Я позволил себе устраниться и от Барохи, и от его комментатора. В «Оксфорд» продолжали стекаться люди, рассаживаясь, как попало, вокруг двух столиков, занятых нашей компанией. У стойки и за другими столиками было очень мало народа. Я взглянул на часы: они показывали половину девятого. Я ощущал лихорадочное беспокойство и всякий раз, когда открывалась дверь, оборачивался в надежде, что это Марсело. В какой-то момент появился Андреу Гомес. Он сразу же подошел ко мне, пожал руку и рассказал, старательно шепелявя, о каком-то скабрезном инциденте на семинаре медиевистов в Саламанке. Затем Андреу Гомес уселся между Хосе Мария Серером и Хесусом Морено, а я воспользовался этим, чтобы пойти в туалет и тщательно вымыть руки.
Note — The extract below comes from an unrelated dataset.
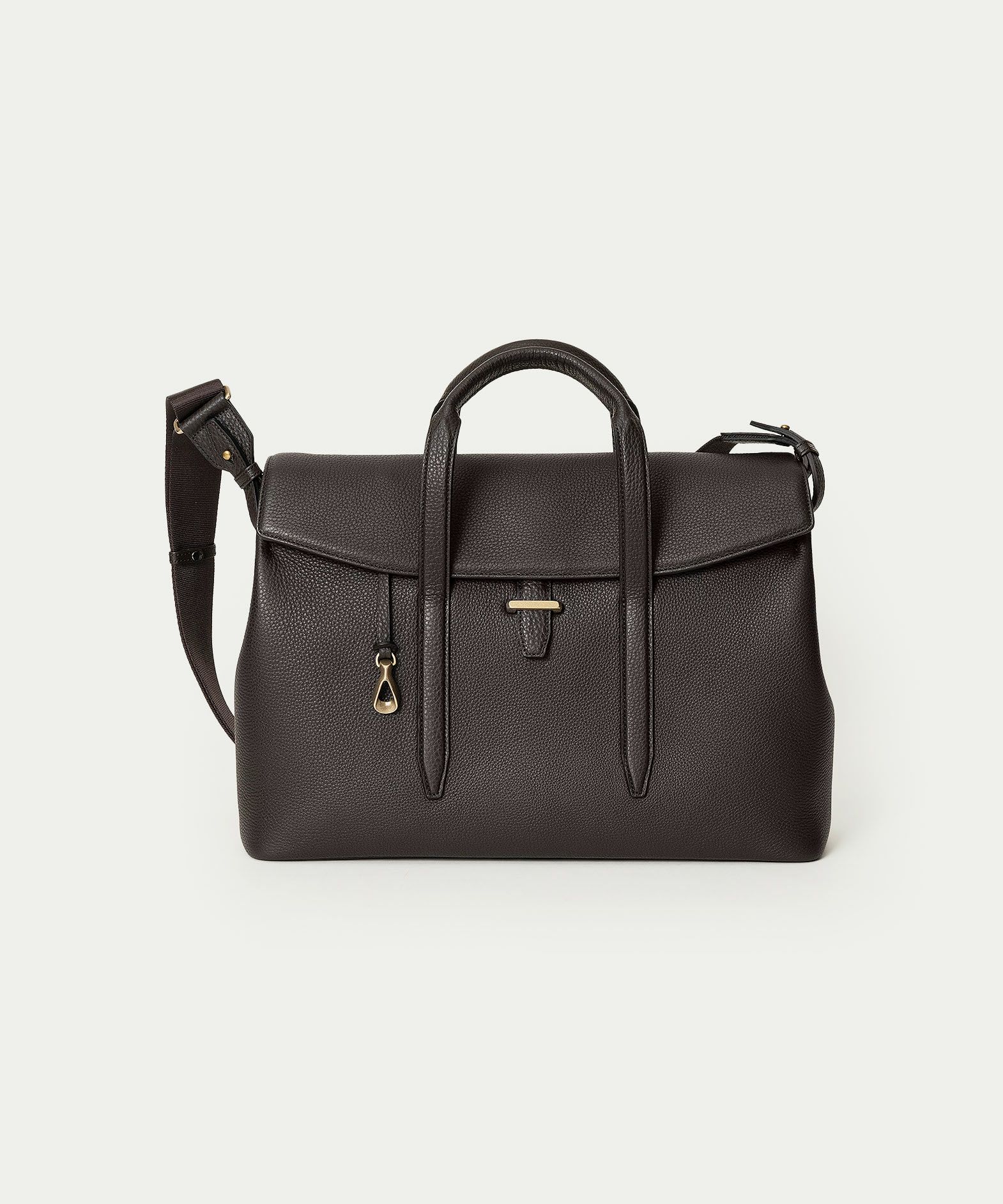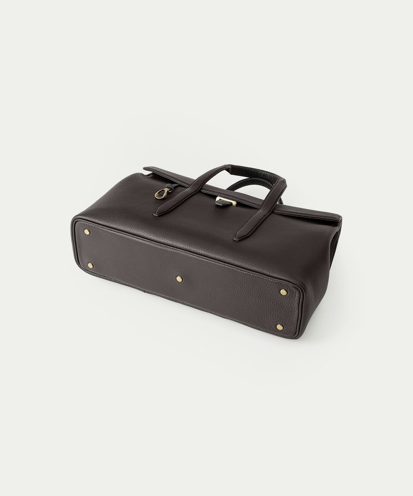 ふっくらとした柔らかなボディや、「シュリンクレザー」を多用した贅沢なデザインが、気持ちを豊かにしてくれて至福を味わえる、フラップブリーフケース。前面と両サイドの側面にかけて、ハギ(継ぎ目)をなくす一枚仕立てにすることで、やさしく丸みを帯びたフォルムへと導いています。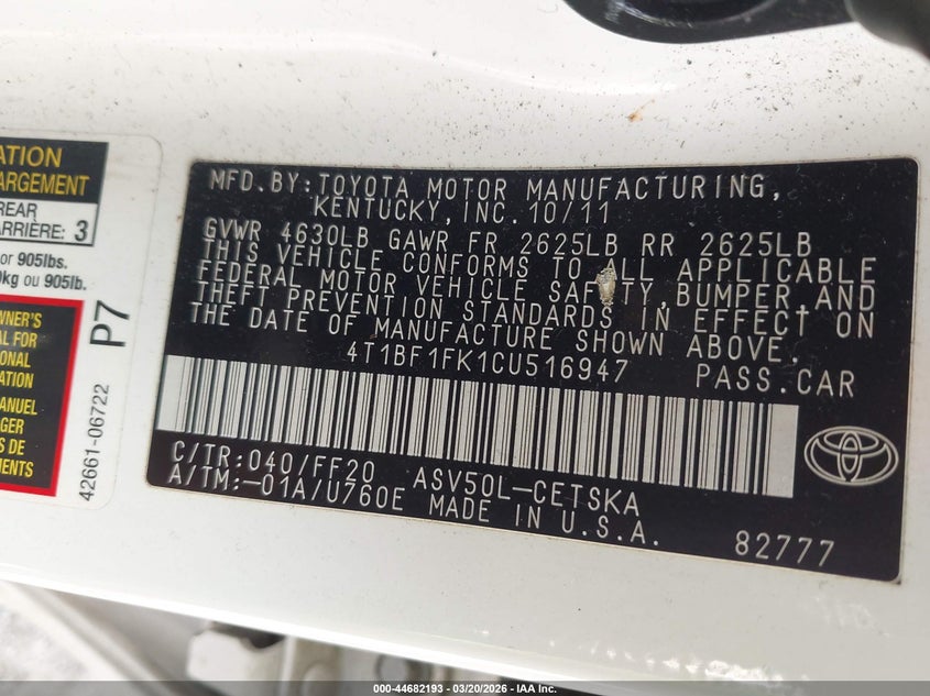 • 4T1BF1FK1CU516947

Когда я вернулся, все общество разбилось на группки: Хавьер Серкас продолжал безраздельно владеть вниманием Игнасио, слушавшего его с любезно-сосредоточенным видом; Билл Перибаньес, Эмили Бальса и недавно прибывший господин в синем костюме-тройке с головой ушли в какую-то литературную или политическую дискуссию; Хосе Мария Серер, Хесус Морено, Абдель Бенальу и еще один молодой человек, показавшийся мне смутно знакомым, лопались от смеха над каким-то анекдотом, рассказанным Андреу Гомесом, а слева от меня девушка с прямыми каштановыми волосами и большими умными глазами что-то шептала на ухо Антонио Армеро, который блаженно улыбался, устремив мечтательный взгляд сквозь оконное стекло. На какой-то миг разговор стал общим. Кто-то, возможно, Перибаньес, упомянул имя Кансиноса-Ассенса, о котором он то ли прежде, то ли сейчас писал, пропели дифирамбы «Роману литератора» и «Движению V.P.», Морено с восторгом отозвался о переводах.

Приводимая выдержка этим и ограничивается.